Wherein, the processing unit 1001 is further configured to:

acquiring association information of a target tree node in a first MPT tree, wherein the association information comprises: the block height of the first block, the path of the target tree node in the first MPT tree and the tree name of the first MPT tree;

according to the block height of the first block, constructing a path of the target tree node in the first MPT and a tree name of the first MPT tree according to an index construction rule to obtain a first index of the target tree node;

according to the first index, searching a data block where the first data indicated by the first index is located from the database, and reading the first data from the searched data block.

The first MPT tree is a storage tree, and the target tree node is a root node in the first MPT tree; the processing unit is specifically used for:

acquiring a state tree corresponding to the first MPT tree;

reading the tree name of the first MPT tree and the height value of the target tree node in the first MPT tree from the leaf nodes of the state tree, wherein the height value of the target tree node in the first MPT tree is equal to the block height of the first block;

the null value is determined as a path of the target tree node in the first MPT tree.

In an embodiment of the present application, a blockchain includes a first block in which a first MPT (MerklePatriciaTrie, MPT) tree is maintained and a second block in which a second MPT tree is maintained; the first MPT tree and the second MPT tree each contain a target tree node, but the version of the target tree node in the first MPT tree is different from the version in the second MPT tree; acquiring a first index of a target tree node, wherein the first index is constructed according to the association information of the target tree node in a first MPT tree; the first index is used for indicating first data stored in a target tree node in a first MPT tree, acquiring a second index of the target tree node, and constructing the second index according to association information of the target tree node in a second MPT tree; the second index is used for indicating second data stored in a target tree node in a second MPT tree; therefore, the embodiment of the application constructs different indexes for the target tree nodes of different versions based on the association information of the target tree nodes in different MPT trees, which provides basis for storing the data stored by the target tree nodes in different MPT trees into the same data block. And obtaining the similarity between the first index and the second index, and if the similarity meets the similarity condition, storing the first data indicated by the first index and the second data indicated by the second index into the same data block of the database. In the embodiment of the application, the similarity between the first index and the second index is fully utilized, the first data and the second data can be stored in the same data block of the database, and the data stored by tree nodes of different versions are effectively managed, so that the effective storage management of the data in the block is realized.
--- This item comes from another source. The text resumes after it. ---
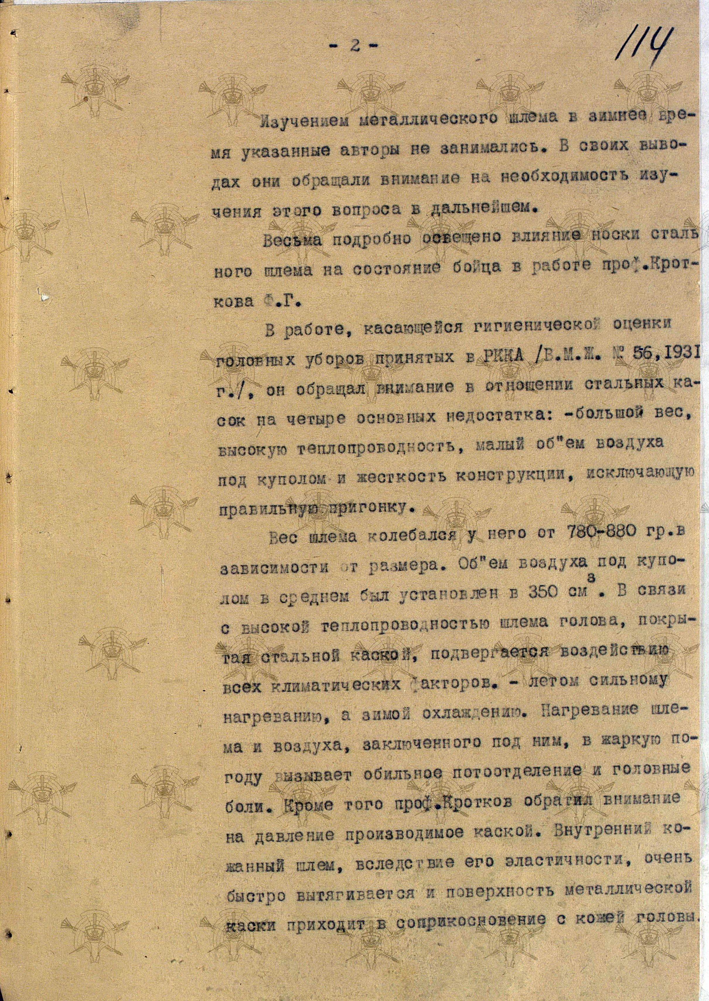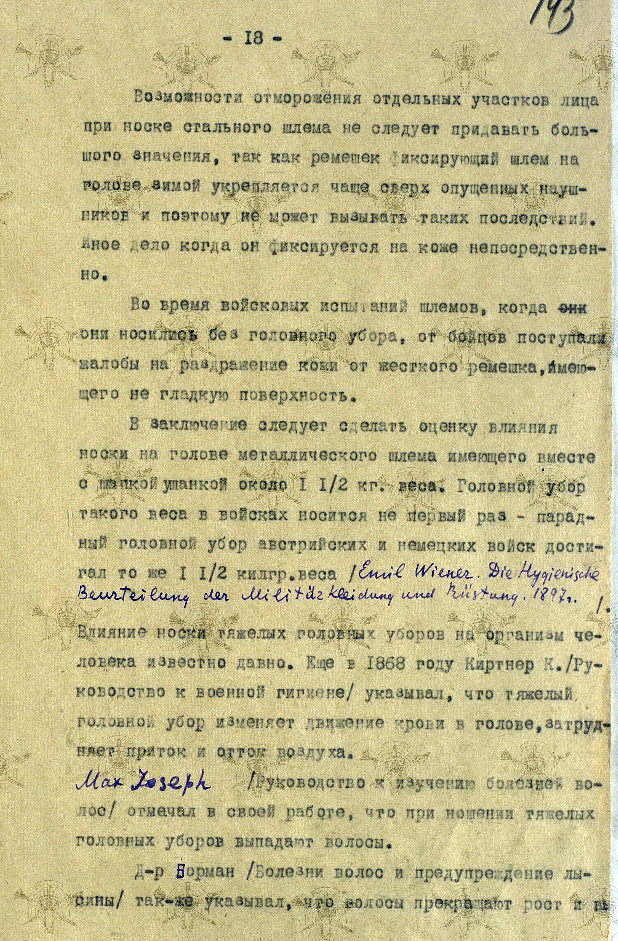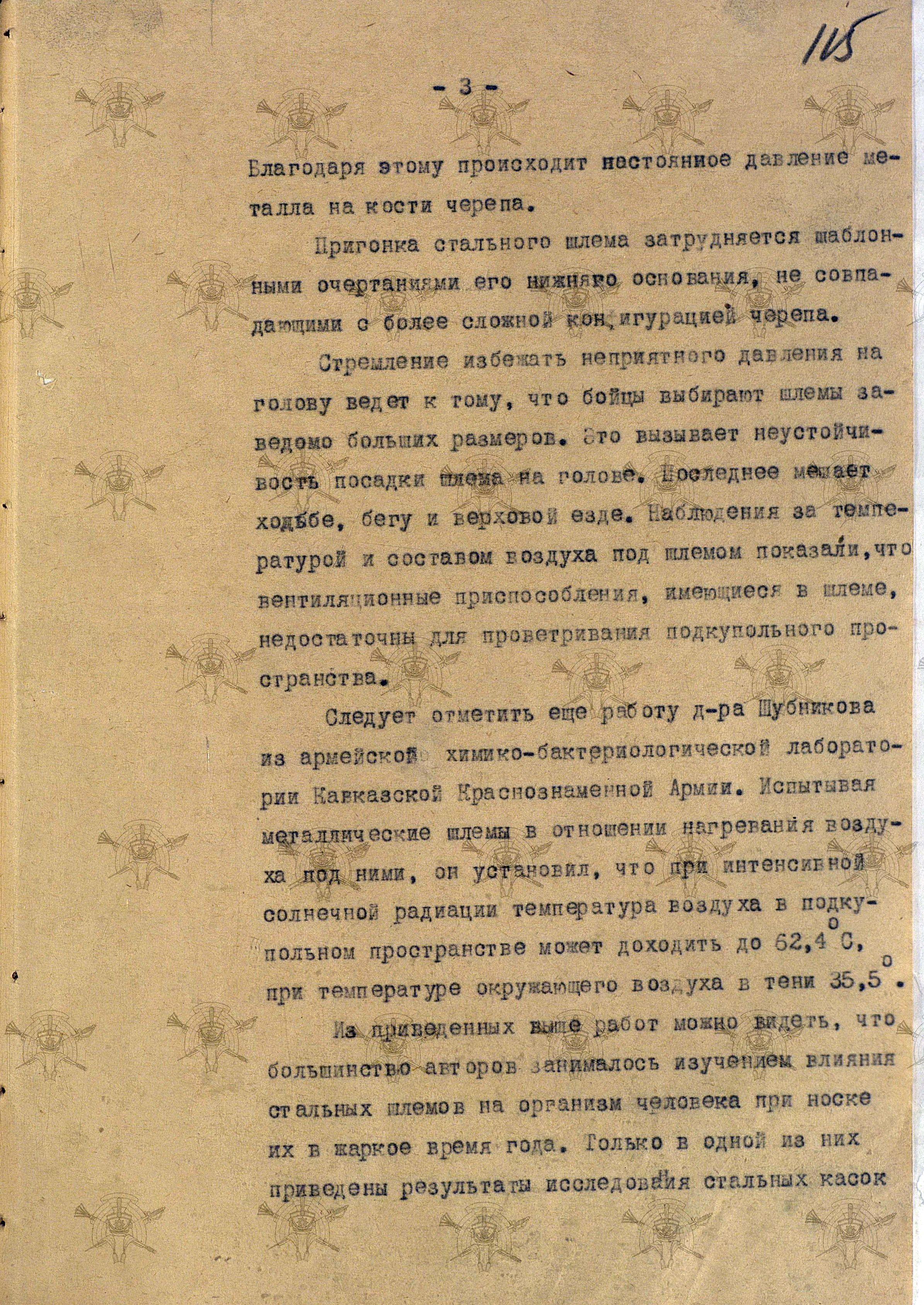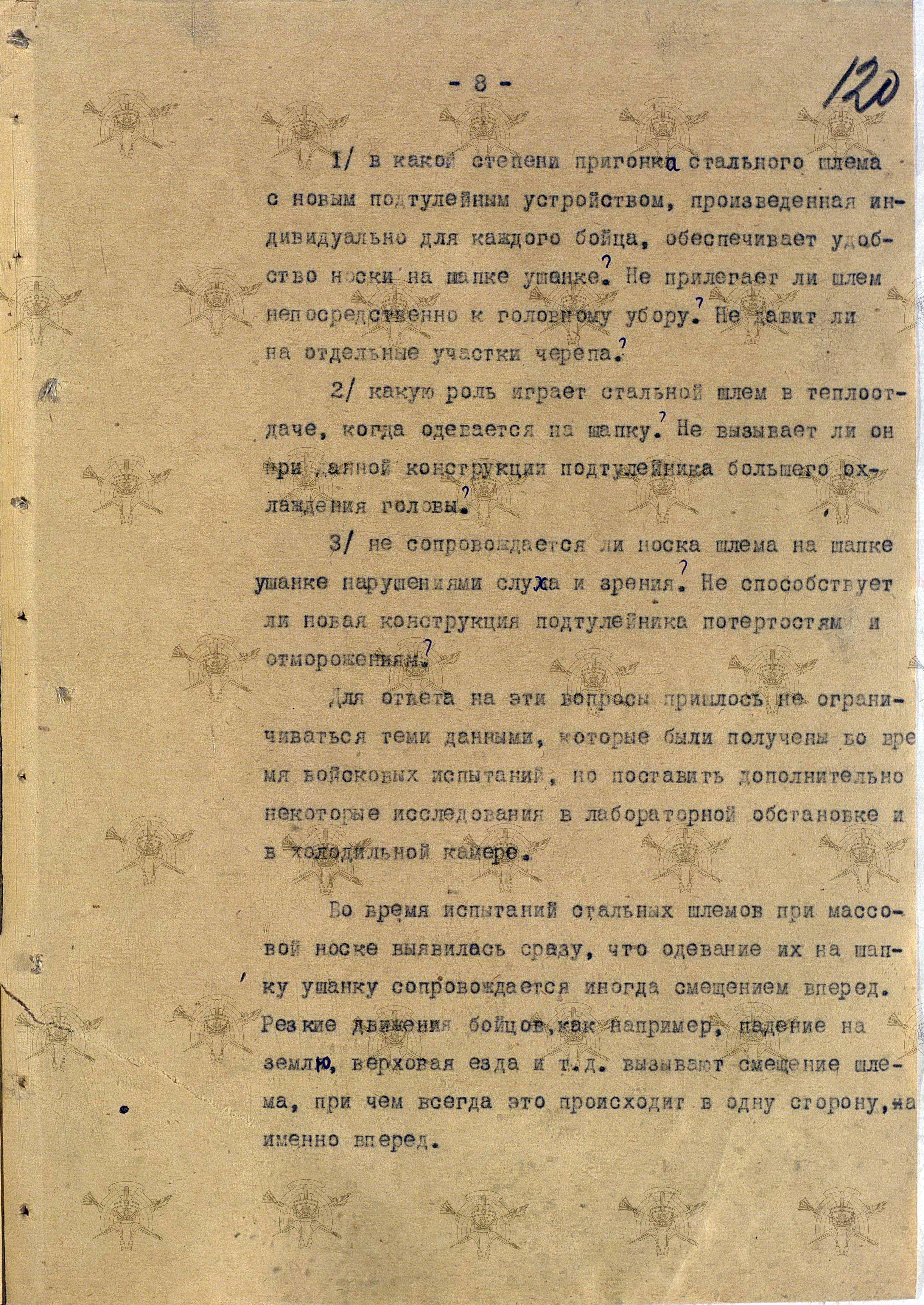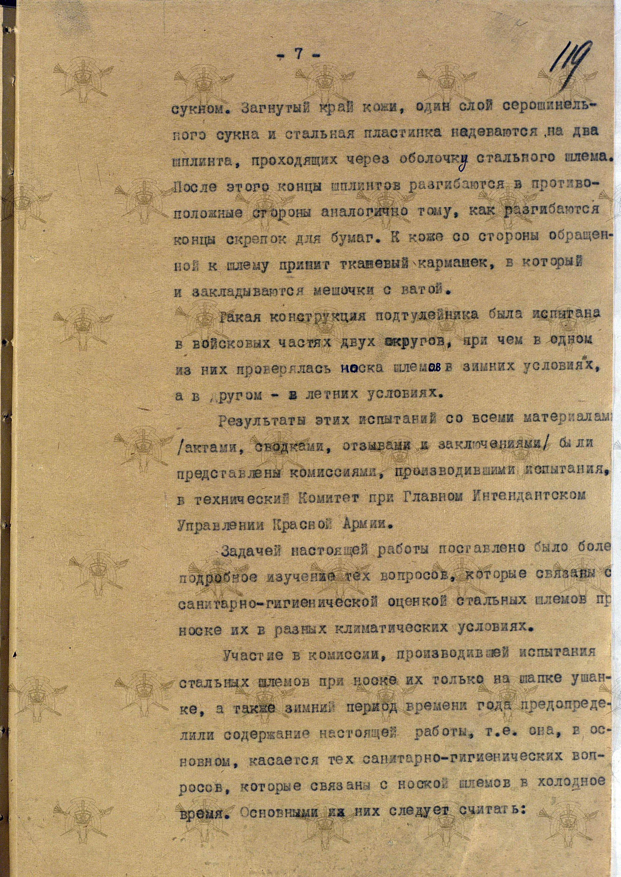 "Санитарно-гигиеническая оценка стальных шлемов с новым подтулейным устройством." 1941 г.

The node device provided in the embodiment of the present application is explained in the following.

Further, the embodiment of the application also provides a schematic structural diagram of the node device, and the schematic structural diagram of the node device can be seen in fig. 11; the node device may be the above server, and the node device may include: a processor 1101, an input device 1102, an output device 1103 and a memory 1104. The processor 1101, the input device 1102, the output device 1103, and the memory 1104 are connected by buses. The memory 1104 is used for storing a computer program comprising program instructions, and the processor 1101 is used for executing the program instructions stored in the memory 1104.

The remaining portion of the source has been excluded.